Electronic waste or e-waste is emerging as one of the fastest-growing waste streams in Bangladesh, mirroring a global trend driven by technological proliferation and shorter device lifespans. As the usage of mobile phones, televisions, computers and home appliances surges amid rapid digitisation, the country is now grappling with an environmental- and public-health crisis that few foresaw a decade ago.
Why so happens is an imbalance reflected in rising volumes of refuses far outstrip disposal systems. Studies suggest that Bangladesh now generates between 2.8 and 3.2 million tonnes of e-waste annually. This figure is expected to rise sharply as electronics become more affordable, disposable incomes rise, and digital services penetrate deeper into both urban and rural lives. Per-capita generation remains lower than in industrialised nations, though, due to population size, but absolute volumes are rising at around 20 per cent annually.
Unlike other waste streams, e-waste contains a cocktail of hazardous substances such as lead, mercury, cadmium, and brominated flame retardants, alongside valuable materials like gold, silver, and copper. Improper handling can result in toxic leakage into soil and water, poisoning ecosystems and endangering human health. Yet, the bulk of Bangladesh's e-waste is processed by an unregulated informal sector, using rudimentary and dangerous methods of extraction. Only a small fraction - some estimates suggest less than 15 per cent - reaches formal or semi-formal recycling systems.
Policy steps meet slow implementation actions, exacerbating the fast-rising, new-era necessary evil. Bangladesh's journey towards regulating e-waste formally began more than a decade ago. Throughout the 2010s, drafts of national e-waste -management guidelines floated within government circles but never materialised into action. It was only in 2021 that the Hazardous Waste (e-waste) Management Rules 2021 were officially enacted, under the broader umbrella of the Bangladesh Environment Conservation Act 1995. The Rules marked the country's first dedicated legal framework addressing the lifecycle of electronics, from production to disposal.
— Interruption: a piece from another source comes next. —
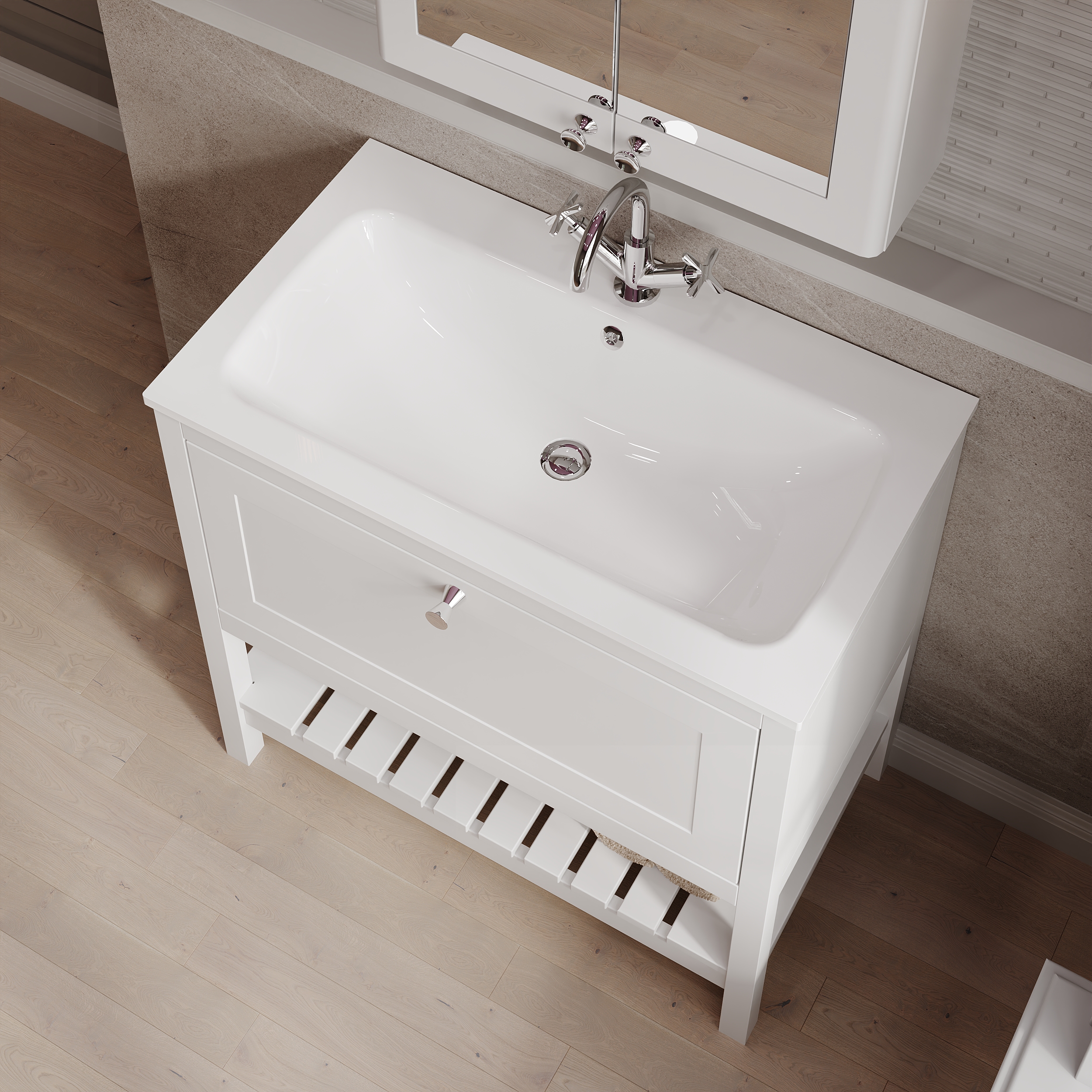 Bexley Floor Standing 1 Drawer Vanity & 1 Tap Hole Stone Basin, 800mm - Pure White

The 2021 Rules introduced several key features: Extended Producer Responsibility (EPR), timeliness for formal collection targets (beginning at ten per cent in the first year and scaling up to fifty per cent within five years), and obligations on producers, importers, dismantlers, and recyclers to register, document, and dispose of waste safely. However, the promise of these rules has yet to be fulfilled. Industry actors have delayed compliance, citing cost and logistical challenges. The Department of Environment (DoE), tasked with enforcement, lacks manpower and infrastructure to monitor and regulate sprawling informal markets.
Informal sector and public health hazards is another facade of the multifaceted problem. Bangladesh's sprawling informal recycling sector - comprising tens of thousands of scrap dealers, itinerant waste collectors, and small-workshop owners - remains at the heart of the e-waste ecosystem. These workers, including children, routinely burn circuit boards, soak components in acid, and dismantle devices by hand to extract copper, aluminium, and other metals. Such practices expose them to toxic fumes and hazardous chemicals, often for doing so without any protective gear.
A research conducted in Dhaka and Chittagong has found elevated levels of heavy metals in the soil around informal recycling hotspots and documented cases of respiratory illness, skin damage, and neurological issues among workers and nearby residents. Despite this, the informal sector persists because it provides low-barrier livelihoods. Any attempt to reduce health hazards must, therefore, consider how to transition these workers into safer, formal channels without stripping them of income.
Hiatus between law and reality ought to be healed, as a major precondition for a breakthrough. The key barriers to effective e-waste management in Bangladesh include poor enforcement of existing laws, insufficient formal recycling capacity, limited public awareness, and a lack of investment in infrastructure. While the 2021 Rules set the groundwork, they have not translated into an integrated national system of collection points, authorised facilities, or financial mechanisms to support safe recycling. Extended Producer Responsibility, which is critical to funding these systems, remains largely inactive in practice.
A further weakness lies in data gaps: reliable and up-to-date statistics on e-waste volumes, flows, and disposal practices are scarce. Without such information, policymaking remains reactive and fragmented, hindering long-term planning and investment.
Towards a sustainable approach: To prevent a looming crisis, Bangladesh needs a multi-layered strategy. This includes operationalising EPR to make producers financially responsible for waste, setting up municipal and retailer take-back systems, licensing and upgrading informal recyclers, and expanding capacity for certified recycling plants. Public-awareness campaigns are also essential, as consumers largely lack understanding of proper e-waste disposal.
As electronics become more central to Bangladesh's development goals, tackling the dark side of going digital is no longer optional. Effective e-waste management offers not only protection from environmental and health hazards but also the chance to recover valuable materials and build a circular economy. The law exists - now the task is to make it work.